Work required >> Every record below should be repeated word for word, with the pictures left out.

Exercise inputs >>
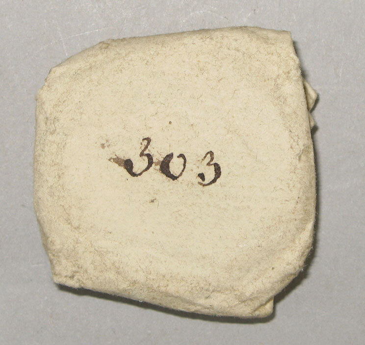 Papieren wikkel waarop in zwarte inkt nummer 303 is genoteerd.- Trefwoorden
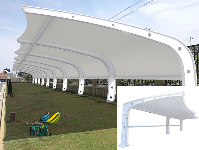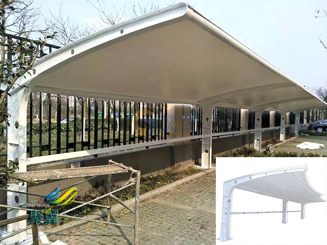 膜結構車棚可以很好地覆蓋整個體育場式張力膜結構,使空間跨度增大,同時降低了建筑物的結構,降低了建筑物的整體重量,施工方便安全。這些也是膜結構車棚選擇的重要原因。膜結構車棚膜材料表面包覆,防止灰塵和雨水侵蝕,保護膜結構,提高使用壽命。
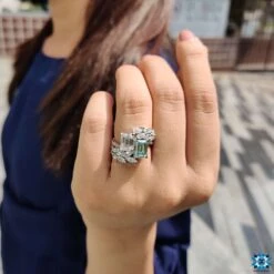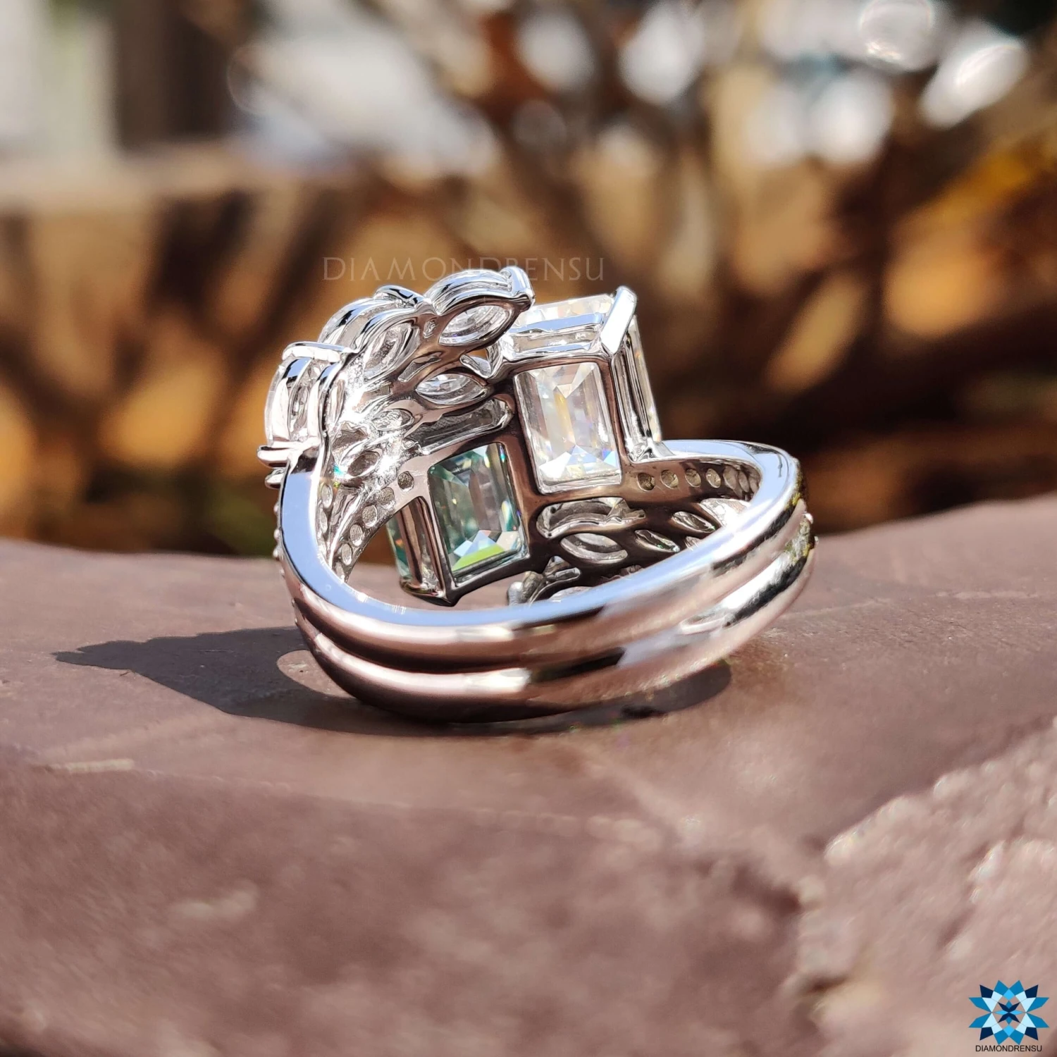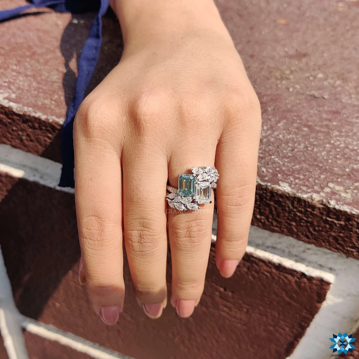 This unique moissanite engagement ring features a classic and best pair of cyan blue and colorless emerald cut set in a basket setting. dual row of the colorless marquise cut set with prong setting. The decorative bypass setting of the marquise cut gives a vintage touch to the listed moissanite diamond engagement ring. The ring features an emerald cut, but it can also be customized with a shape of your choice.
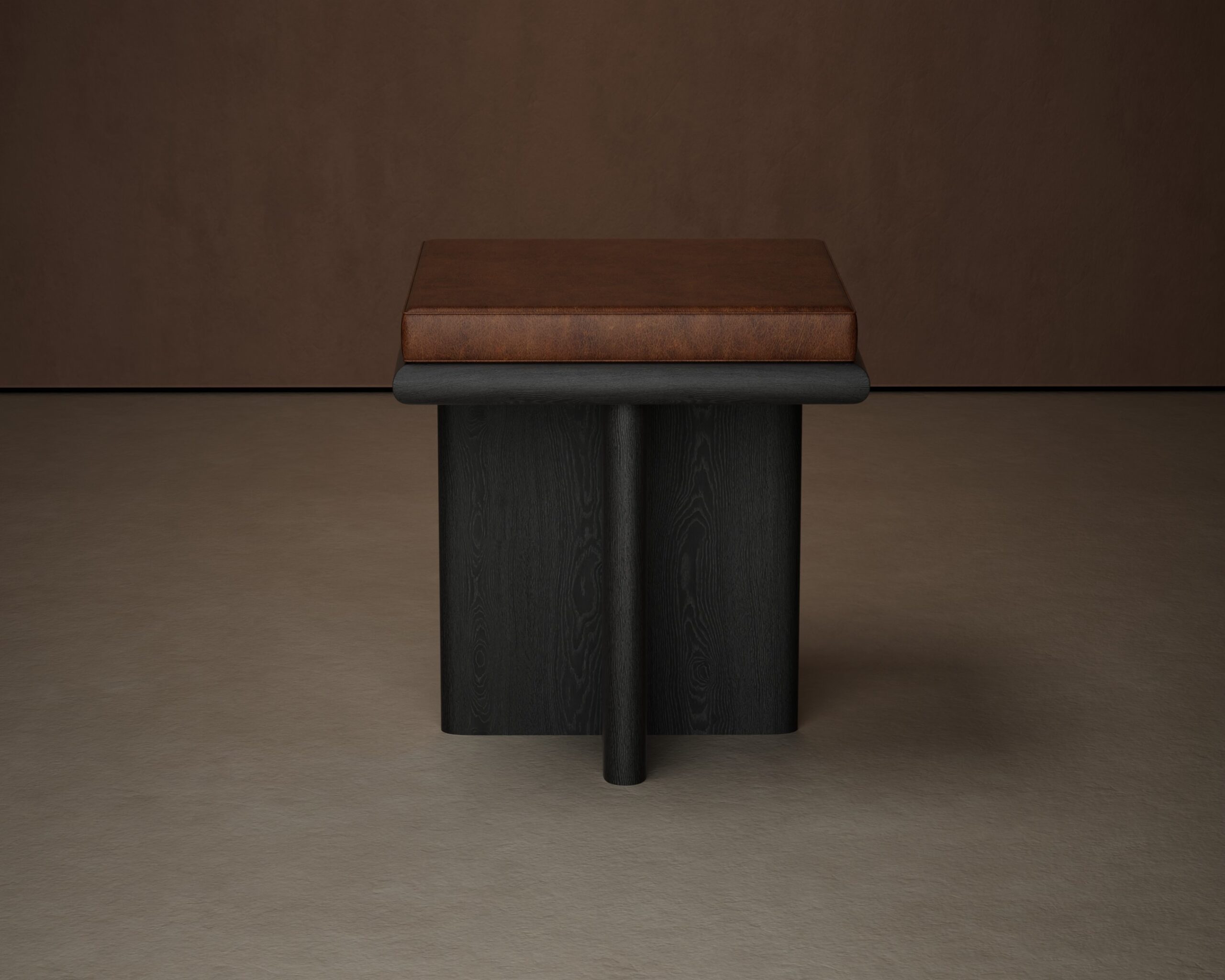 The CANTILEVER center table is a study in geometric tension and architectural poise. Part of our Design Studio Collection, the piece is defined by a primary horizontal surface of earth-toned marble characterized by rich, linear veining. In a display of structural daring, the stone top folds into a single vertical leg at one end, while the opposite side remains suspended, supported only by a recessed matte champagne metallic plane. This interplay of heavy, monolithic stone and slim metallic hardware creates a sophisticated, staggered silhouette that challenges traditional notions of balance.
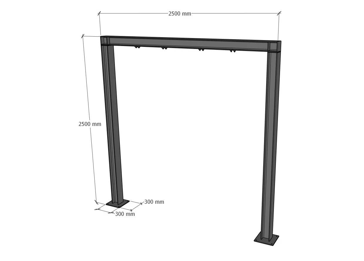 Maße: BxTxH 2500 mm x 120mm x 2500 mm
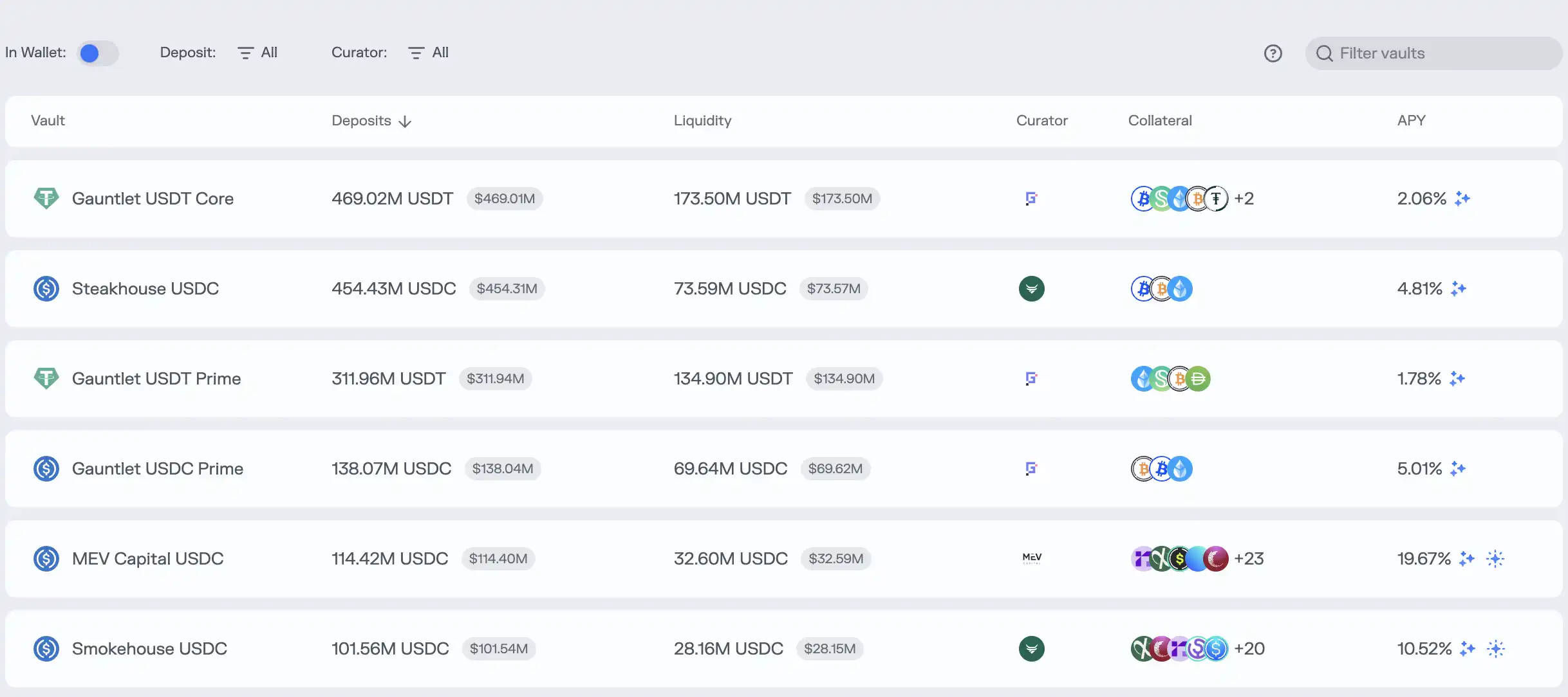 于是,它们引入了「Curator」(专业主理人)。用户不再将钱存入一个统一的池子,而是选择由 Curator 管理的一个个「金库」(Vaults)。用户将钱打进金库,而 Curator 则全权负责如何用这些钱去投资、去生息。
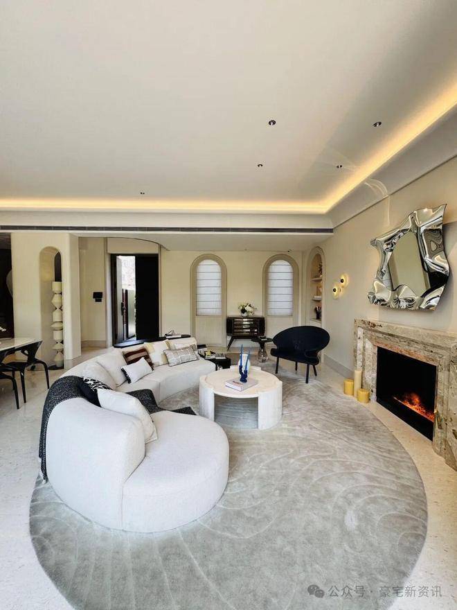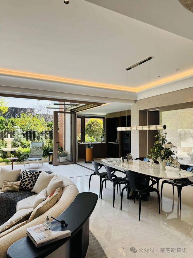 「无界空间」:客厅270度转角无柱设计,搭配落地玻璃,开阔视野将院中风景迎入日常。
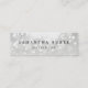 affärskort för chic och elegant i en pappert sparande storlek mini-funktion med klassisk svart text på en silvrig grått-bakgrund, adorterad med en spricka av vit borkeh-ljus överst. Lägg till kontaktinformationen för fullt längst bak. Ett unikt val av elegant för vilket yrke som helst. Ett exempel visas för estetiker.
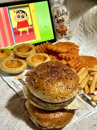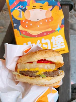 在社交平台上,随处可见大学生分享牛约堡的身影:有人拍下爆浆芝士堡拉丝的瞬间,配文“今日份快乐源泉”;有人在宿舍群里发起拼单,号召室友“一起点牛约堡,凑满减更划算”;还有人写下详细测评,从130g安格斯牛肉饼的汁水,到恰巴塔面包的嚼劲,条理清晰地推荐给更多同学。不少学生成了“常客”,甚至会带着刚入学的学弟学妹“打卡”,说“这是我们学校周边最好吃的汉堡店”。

Response area >>
 Papieren wikkel waarop in zwarte inkt nummer 303 is genoteerd.- Trefwoorden
 膜結構車棚可以很好地覆蓋整個體育場式張力膜結構,使空間跨度增大,同時降低了建筑物的結構,降低了建筑物的整體重量,施工方便安全。這些也是膜結構車棚選擇的重要原因。膜結構車棚膜材料表面包覆,防止灰塵和雨水侵蝕,保護膜結構,提高使用壽命。
 This unique moissanite engagement ring features a classic and best pair of cyan blue and colorless emerald cut set in a basket setting. dual row of the colorless marquise cut set with prong setting. The decorative bypass setting of the marquise cut gives a vintage touch to the listed moissanite diamond engagement ring. The ring features an emerald cut, but it can also be customized with a shape of your choice.
 The CANTILEVER center table is a study in geometric tension and architectural poise. Part of our Design Studio Collection, the piece is defined by a primary horizontal surface of earth-toned marble characterized by rich, linear veining. In a display of structural daring, the stone top folds into a single vertical leg at one end, while the opposite side remains suspended, supported only by a recessed matte champagne metallic plane. This interplay of heavy, monolithic stone and slim metallic hardware creates a sophisticated, staggered silhouette that challenges traditional notions of balance.
 Maße: BxTxH 2500 mm x 120mm x 2500 mm
 于是,它们引入了「Curator」(专业主理人)。用户不再将钱存入一个统一的池子,而是选择由 Curator 管理的一个个「金库」(Vaults)。用户将钱打进金库,而 Curator 则全权负责如何用这些钱去投资、去生息。
 「无界空间」:客厅270度转角无柱设计,搭配落地玻璃,开阔视野将院中风景迎入日常。
 affärskort för chic och elegant i en pappert sparande storlek mini-funktion med klassisk svart text på en silvrig grått-bakgrund, adorterad med en spricka av vit borkeh-ljus överst. Lägg till kontaktinformationen för fullt längst bak. Ett unikt val av elegant för vilket yrke som helst. Ett exempel visas för estetiker.
 在社交平台上,随处可见大学生分享牛约堡的身影:有人拍下爆浆芝士堡拉丝的瞬间,配文“今日份快乐源泉”;有人在宿舍群里发起拼单,号召室友“一起点牛约堡,凑满减更划算”;还有人写下详细测评,从130g安格斯牛肉饼的汁水,到恰巴塔面包的嚼劲,条理清晰地推荐给更多同学。不少学生成了“常客”,甚至会带着刚入学的学弟学妹“打卡”,说“这是我们学校周边最好吃的汉堡店”。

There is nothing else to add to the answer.